Ray Data

2 minute read

This is not quite the ML topic, but more about using Ray Data library to run batch progressing. Yes, the core function of Ray Data is batch progress, and here are some learnings

1. Data ingestion

It can read in multiple data formats by ray.data.read_format().
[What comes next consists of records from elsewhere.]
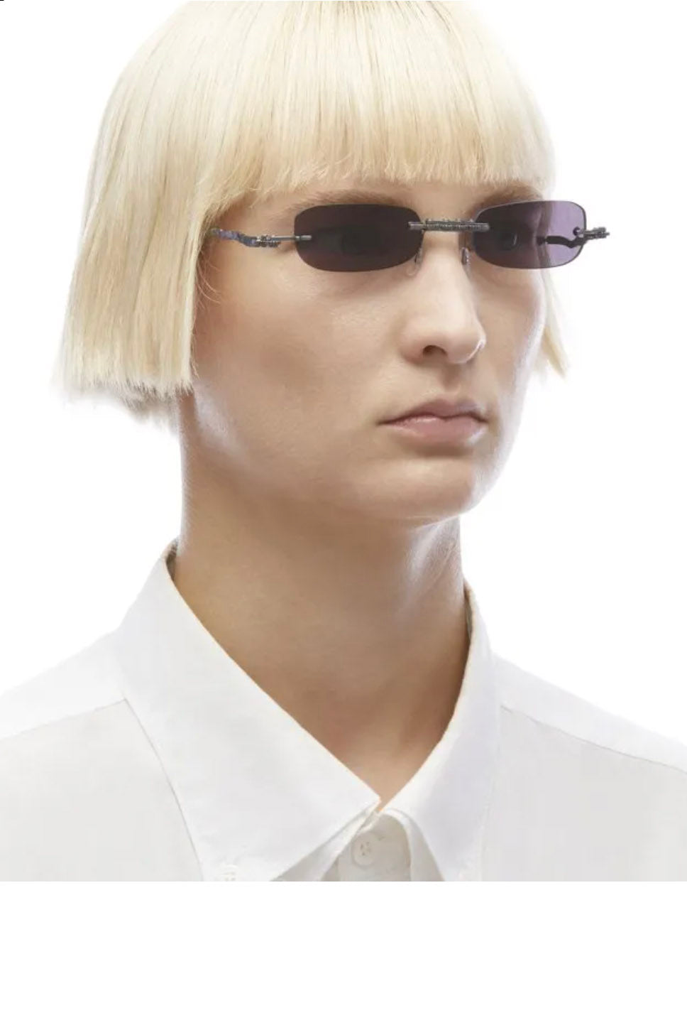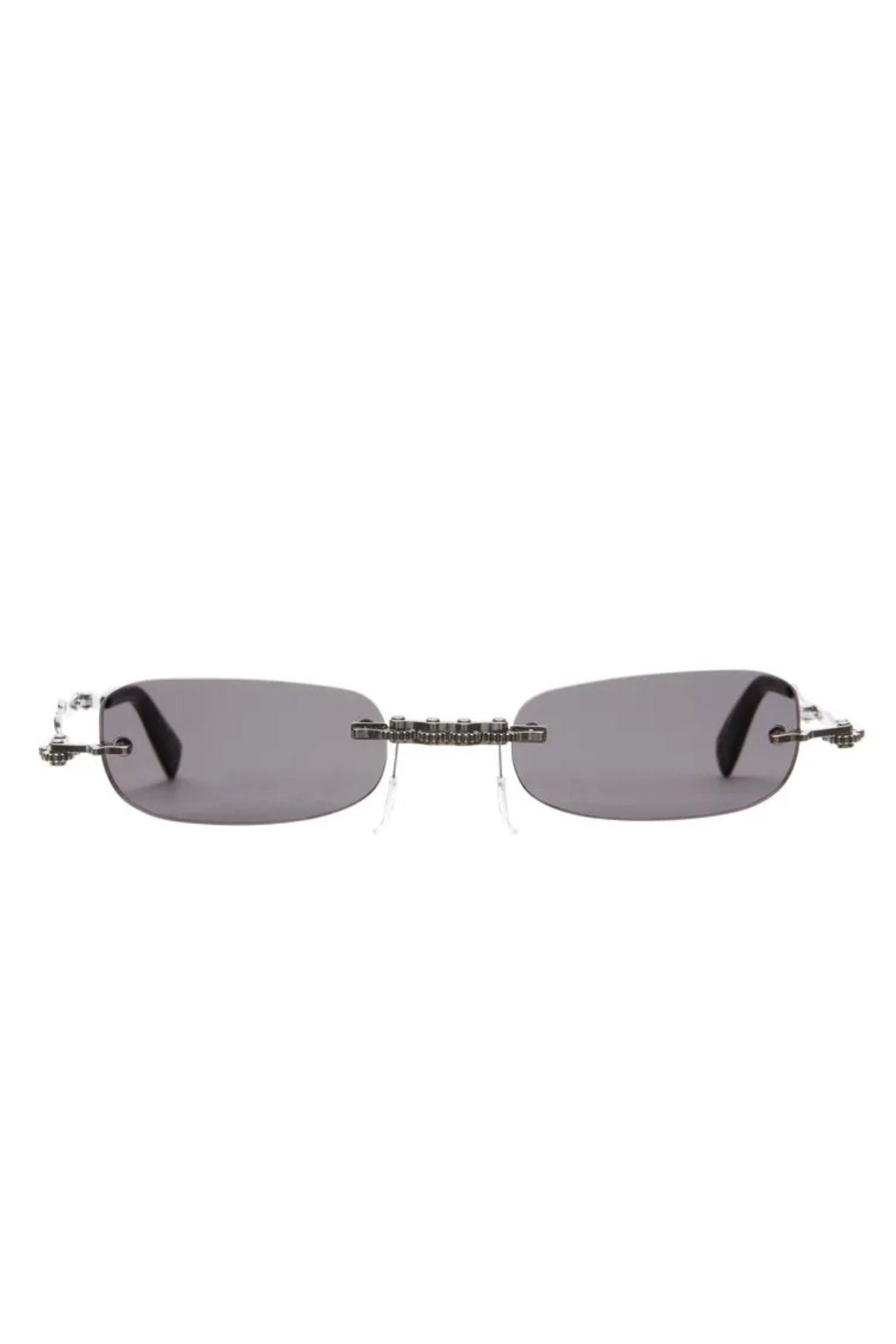 Kuboraum MASK H47 Black are oval sunglasses. They feature black metal/acetate foldable structure, and grey lens with 100% UV protection. Handmade in Italy.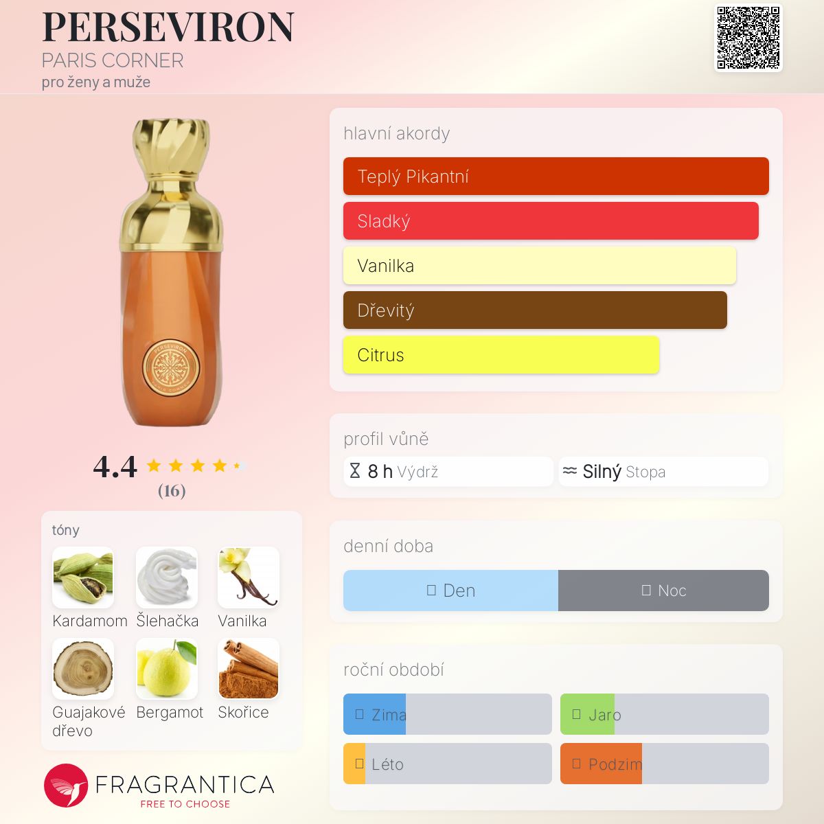 PERSEVIRON podle PARIS CORNER je vůně pro ženy a muže. Toto je nová vůně. PERSEVIRON byl/a uveden/a v roce 2025. Vrchní tóny jsou Kardamom, Bergamot a Skořice; střední tóny jsouŠlehačka, Pralinka a Pomerančový květ ; základní tóny jsou Vanilka, Guajakové dřevo a Suché dřevo.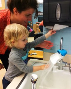 - Have the child put on a clean diaper, and wash hands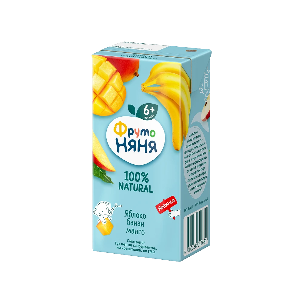 Apple juice, banana purée, mango purée, sugar, acidity regulator: citric acid, water. Produced using juice concentrate. Volume fraction of fruit juice: 45% min.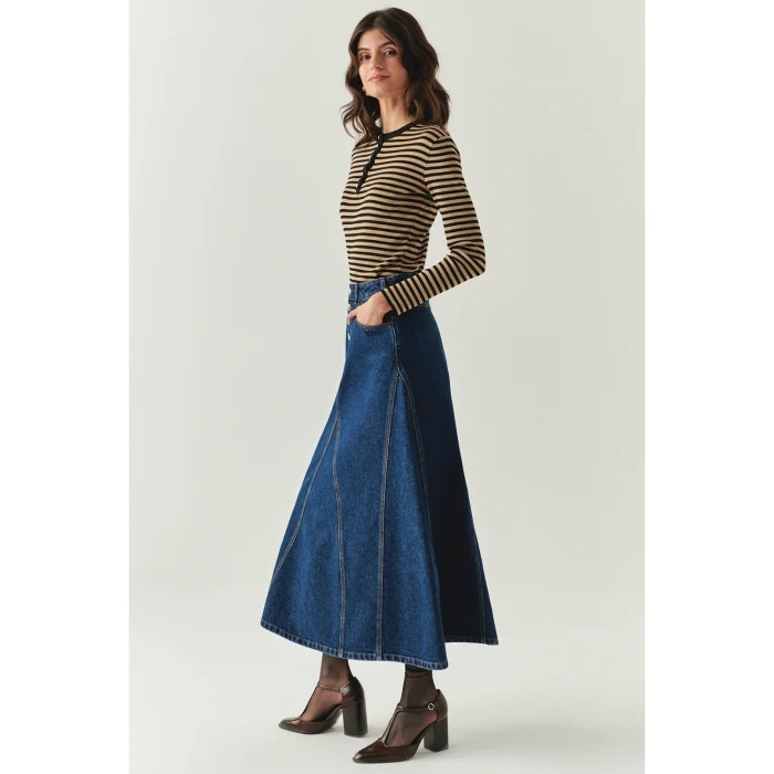 Product: Cotton Denim Regular Midi Skirt With Pockets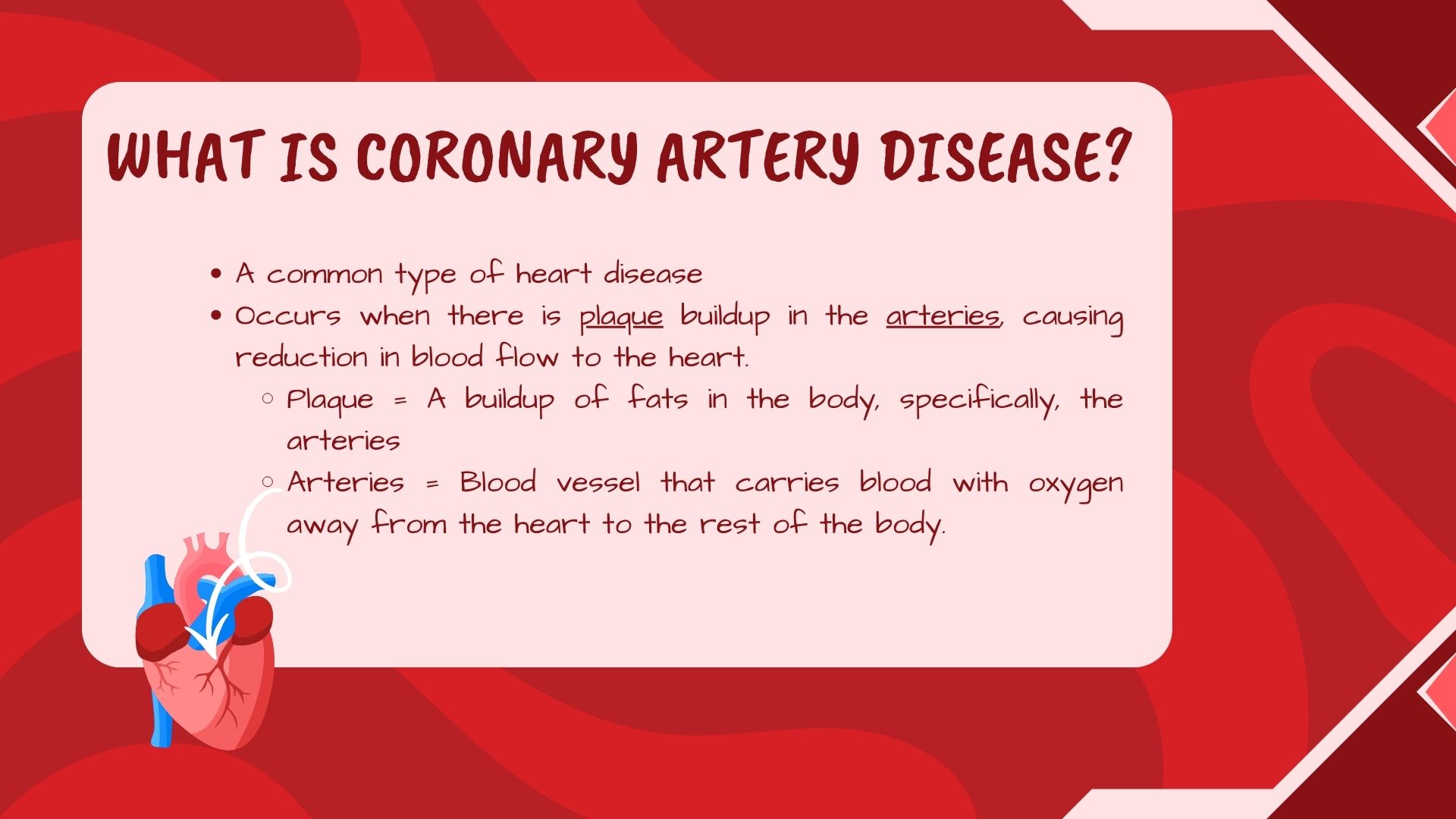 plaque narrows artery → less blood to heart → chest pain → possible heart attack.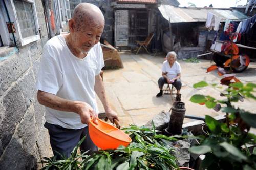 Gong Deyun waters plants at home as his wife, Sun Yucui, looks on, Aug 21, 2012. [Photo/Xinhua]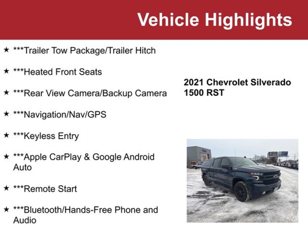 2021 Chevrolet Silverado 1500 4D Crew Cab RST EcoTec3 5.3L V8 4WD Northsky Blue Metallic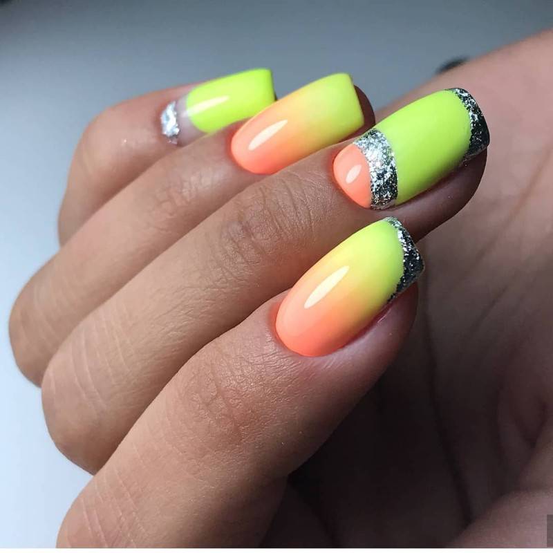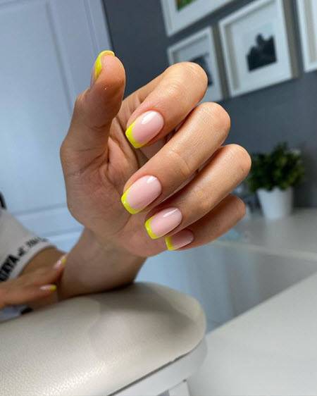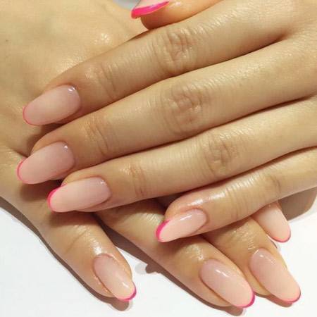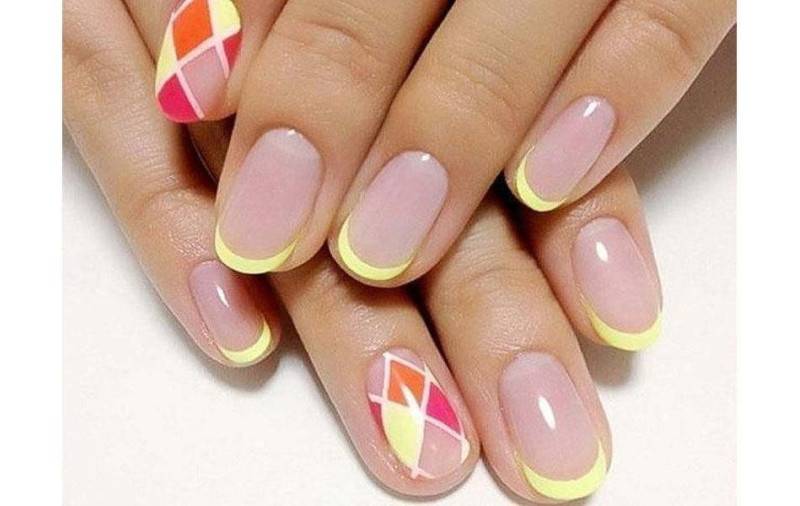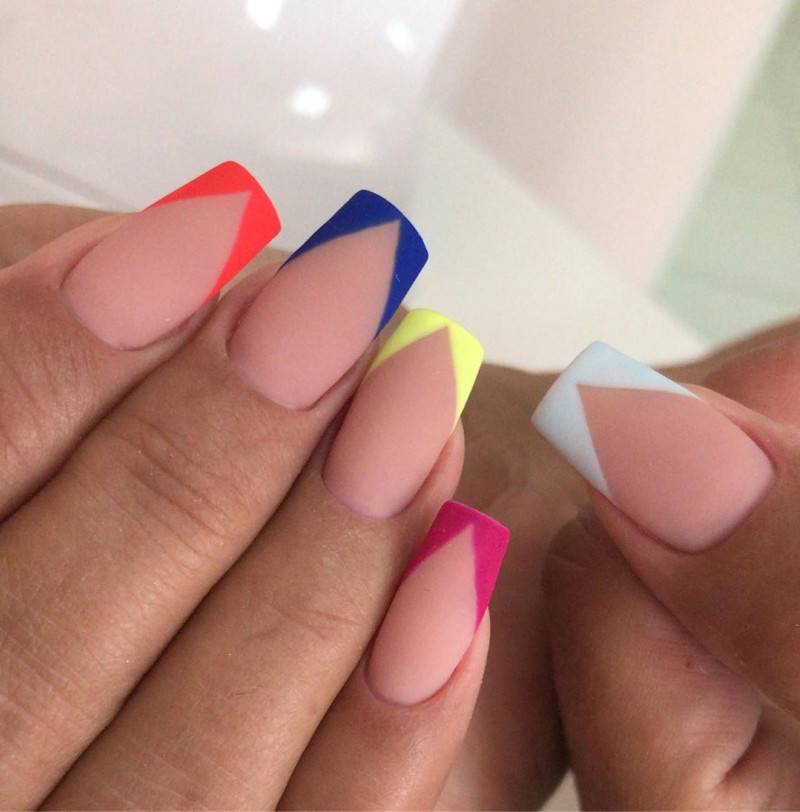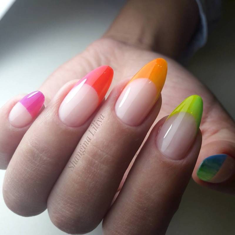 Достаточно заменить белую полоску на кончиках на яркую расцветку. Неоновая каемка желтого, синего, красного и розового цвета отлично будет сочетаться с пастельными тонами. При создании композиции можно использовать одновременно несколько типов лака: яркий, блестящий и нежный нюдовый цвет.
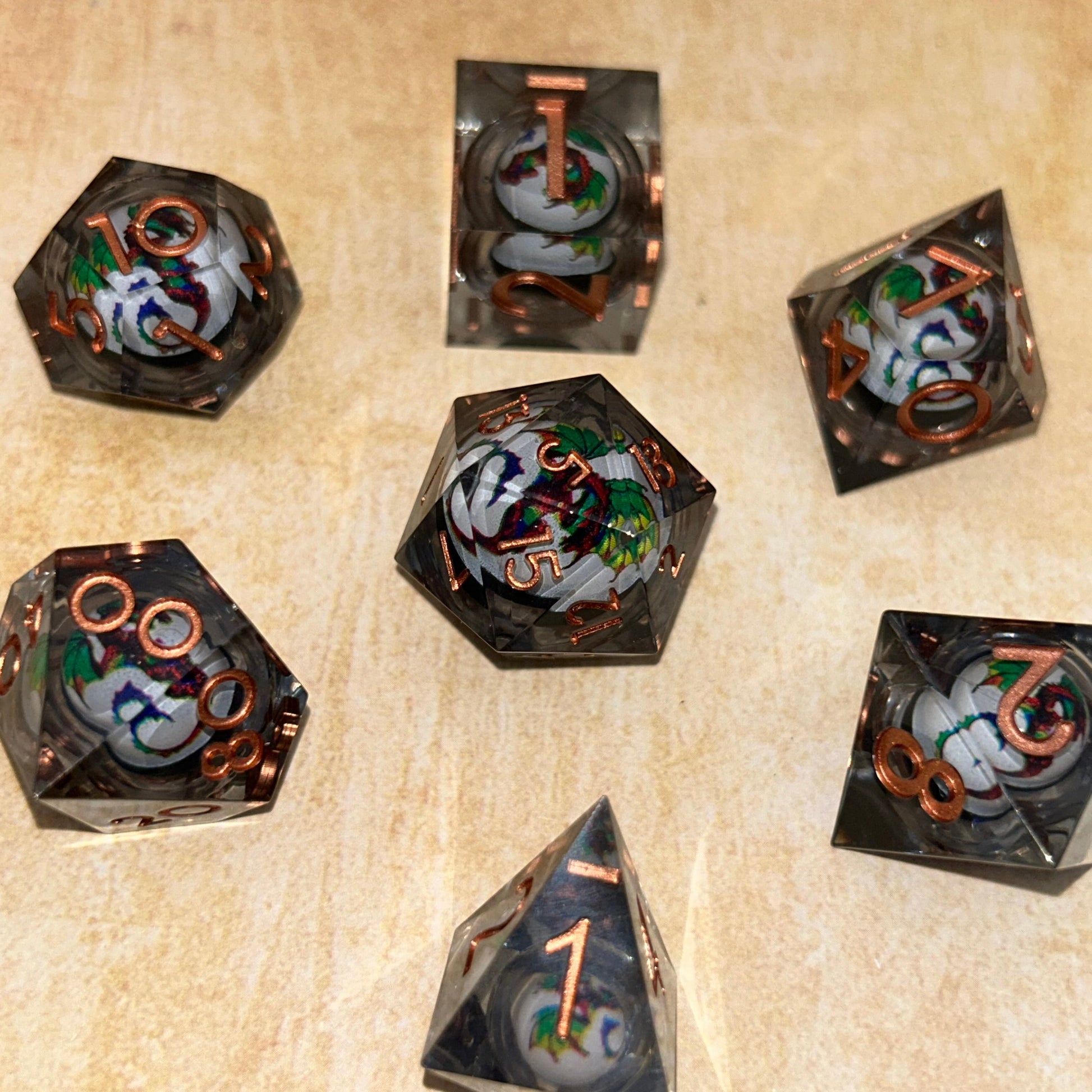 Tief im Herzen uralter Wälder, wo glühende Glut auf grünes Blattwerk trifft, wurde dieser Würfel geboren: Der Flammenlaub-Drache. Seine Schuppen aus Smaragd und Rubin verschlingen sich zu einem Spiel aus Feuer und Natur – eingefangen im Inneren eines einzigartigen Würfels.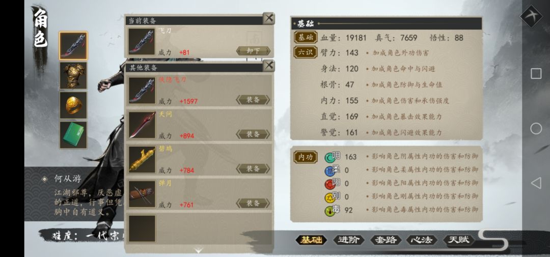 游戏的难度还是有待提升,应提高武学收集难度,即使开挂,神功不是那么容易获得,也不那么容易练成。再者,设定武学修炼限制,地绝及以上武学只能装备一至两门,人绝及以下随意,注重人绝心法设计,提升游戏可玩性,太多人绝心法都是压箱底的,都没仔细了解过。听说要出自建门派了,希望能开发自创武功和心***能,主角一代天骄,自创顶级武学不在话下![[嗒啦啦2_吃瓜]](https://img.tapimg.com/market/images/6eb1d083dff1c09692102cb5a98727f3.gif)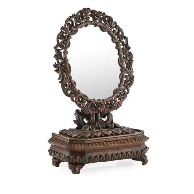 ANGLO-INDIAN CARVED TOILET MIRROR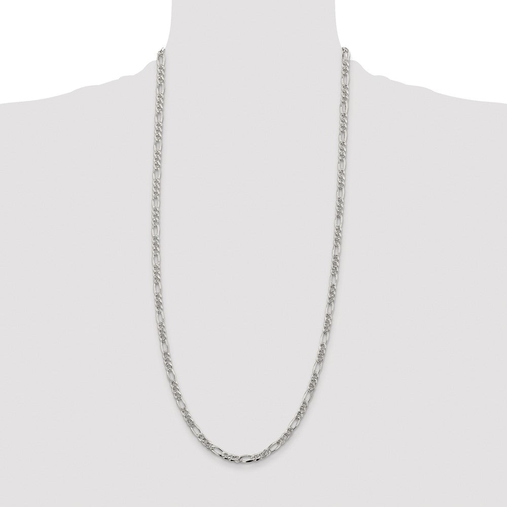 Specifications: Material: Primary - Purity:925|Finish:Polished|Length of Item:30 in|Plating:Rhodium|Chain Length:30 in|Chain Type:Figaro|Chain Width:4.75 mm|Clasp /Connector:Lobster|Material: Primary:Sterling Silver|Width of Item:4.75 mm|Product Type:Jewelry|Jewelry Type:Chains|Sold By Unit:Each|Necklace Type:Chain Styles|Gender:Unisex|Texture:Pave|Profile Type:Flat|Material: Primary - Color:White|Plating Color:Silver Tone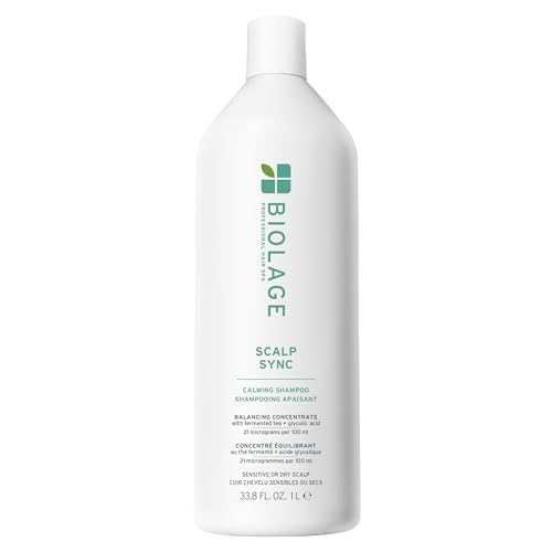 Biolage Scalp Sync Calming Shampoo - Gently Cleanses Dry & Sensitive Scalps, Hydrates & Soothes, Fermented Tea Blend & Glycolic Acid, Vegan & Paraben-Free, 33.8 Fl Oz, Packaging may vary

Here I want to demo from a basic dictionary as input

all_docs = []
for i in range(100):
    all_docs.append({"id": i,"doc": "this is a dummy doc with id "+str(i)})
    
ds = ray.data.from_items(all_docs)

You can view the data by show() or take_batch() function.

ds.show(2)
#{'id': 0, 'doc': 'this is a dummy doc with id 0'}
#{'id': 1, 'doc': 'this is a dummy doc with id 1'}
ds.take_batch(2)
#{
#  'id': array([0, 1]),
#   'doc': array(['this is a dummy doc with id 0', 'this is a dummy doc with id 1'],       dtype=object)}

The take_batch output is actually the input into map functions.

2. map, flat_map and map_batch

Let’s define an embedding function first

import openai
def generate_embedding(doc_batch):
    # Call embedding endpoint
    client = openai.OpenAI(
        base_url = "https://api.endpoints.anyscale.com/v1",
        api_key = "ANYSCALE_API_TOKEN"
    )
     # Note: not all arguments are currently supported and will be ignored by the backend.
    resp = client.embeddings.create(
        model="thenlper/gte-large",
        input=list(doc_batch['doc']),
    )
    #return doc_batch
    doc_batch["embeddings"] = [resp.data[i].embedding for i,_ in enumerate(doc_batch["doc"])]    
    return doc_batch

When you call map_batch, the doc_batch input to the embedding function, is same as the output of ds.take_batch(5), because we set batch_size to 5.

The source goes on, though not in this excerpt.